Carlos sonreía tristemente, sientiéndose presa de una cogoja que le oprimía la garganta y le producía un sufrimiento agudo y casi físico.

— No, no; no es eso, sino otra cosa mucho más triste, Lili.

La Muñeca se fijó entonces en la palidez extrema de su amante; incorporóse; hízole sentarse á su lado, y le dijo que hablara con franqueza:

— Dímelo todo; ¿qué hay?

Carlos repitió, palabra por palabra, lo que el notario acababa de decirle. Ella escuchó sin pestañear, frunciendo apenas el ceño cuando una frase cualquiera hería su altivez. Luego preguntó:

— ¿Eso es todo?

— Me parece que es bastante.

— Está bien. ¿Qué piensas tú hacer?

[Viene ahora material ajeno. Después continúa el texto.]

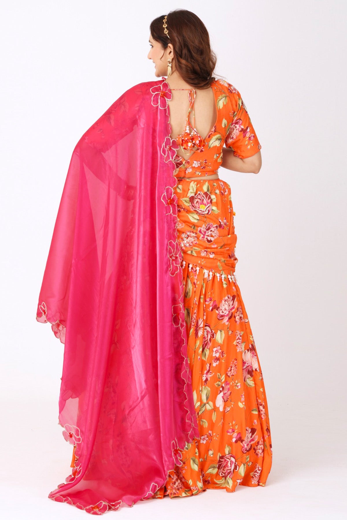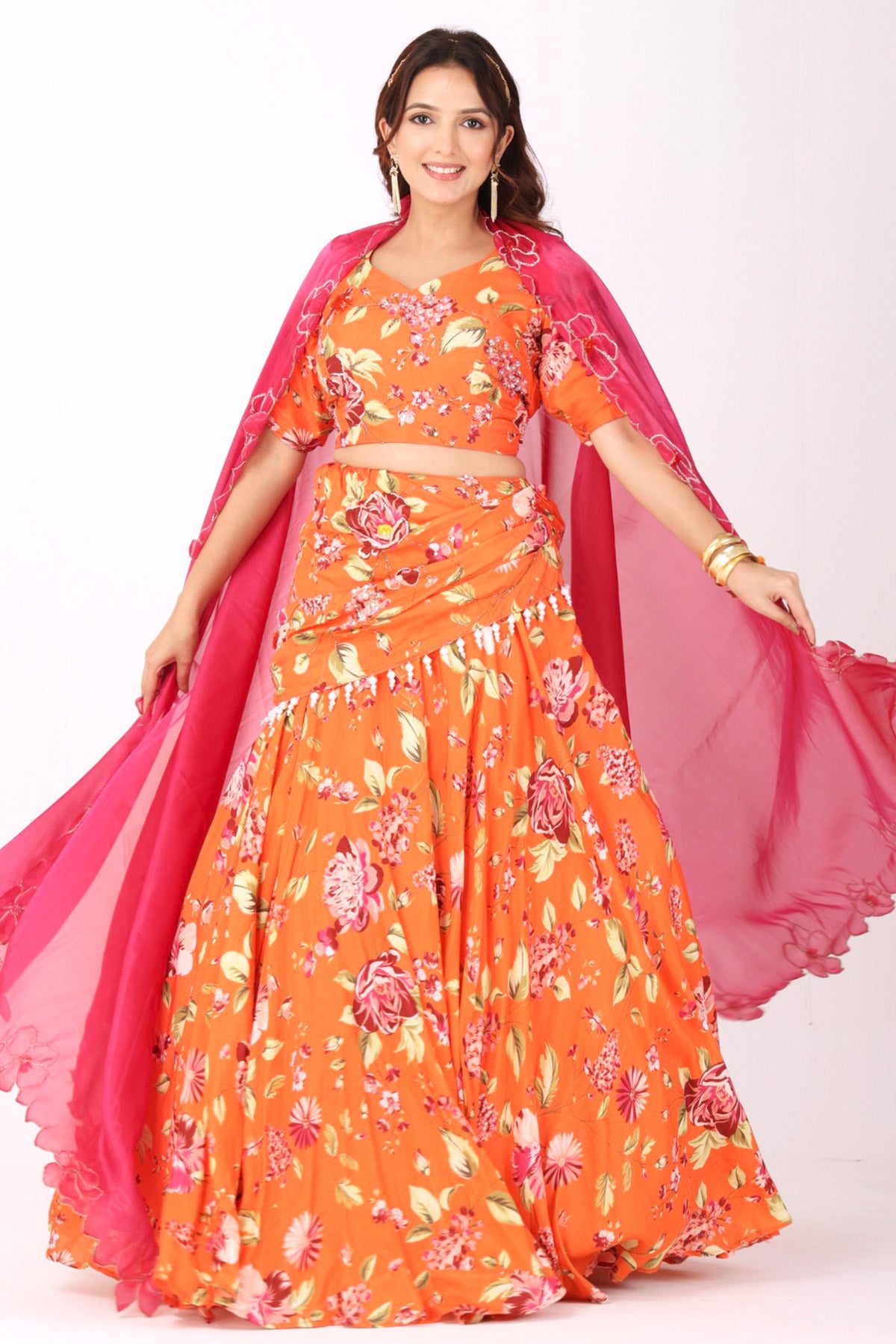 Orange fuchsia silk and organza floral printed lehenga set featuring hand embroidery lehenga with choli, cutdana, pearl, kasab and cut sequins paired with dupatta

No mientas. ¿Qué piensas hacer?

— ¡Sacrificarme!

— ¿Y marcharte, y dejarme?

— Sí... por ti misma...

Roja de cólera, Liliana saltó del lecho, diciendo en voz sorda:

— ¡Cobarde! ¡Cobarde!... Todos los hombres son cobardes... Y luego hablan de amor... Y cuando tienen miedo huyen... ¡Cobarde!

— Yo sufro por lo menos tanto como tú —repuso Llorede sollozando—, porque te quiero más de lo que un ser humano puede querer en este mundo; y si el peligro me amenazase á mí sólo, le esperaría á tus pies, dichoso de padecer por ti todos los martirios de la tierra. Pero la amenazada eres tú, Lili, tú. ¡Si supieras en lo que pienso, no me llamarías cobarde!... ¿Para qué quiero yo la vida alejado del lugar en que vives!... ¡Y me llamas cobarde!...

— ¿Piensas abandonarme? —repitió la marquesa.

— Yo no pienso en nada; yo sufro. Ordéname lo que debo hacer, puesto que soy tu esclavo.

— No me dejes, Carlos..., no me dejes.

— Haré lo que quieras: vivir, morir... lo que quieras, Lili...

— No me abandones. Yo te adoro con todo mi corazón. ¿Verdad que no te irás?...

— No; no —terminó Llorede, arrodillándose ante ella—; pero ¿qué podrás tú responder á los que te calumnian por causa mía, á los que te acusan, á tus antiguas amigas? ¿Qué dirás á los que te aconsejen que te separes de mí?... ¿Qué dirás ante todos esos peligros?

— ¿Sabes lo que á todos esos les diré? Les diré lo que se merecen...

Y de los labios menudos y palpitantes de la Muñeca brotó una palabra brutal, que llenó de alegría el alma macerada y pavorosa de Carlos.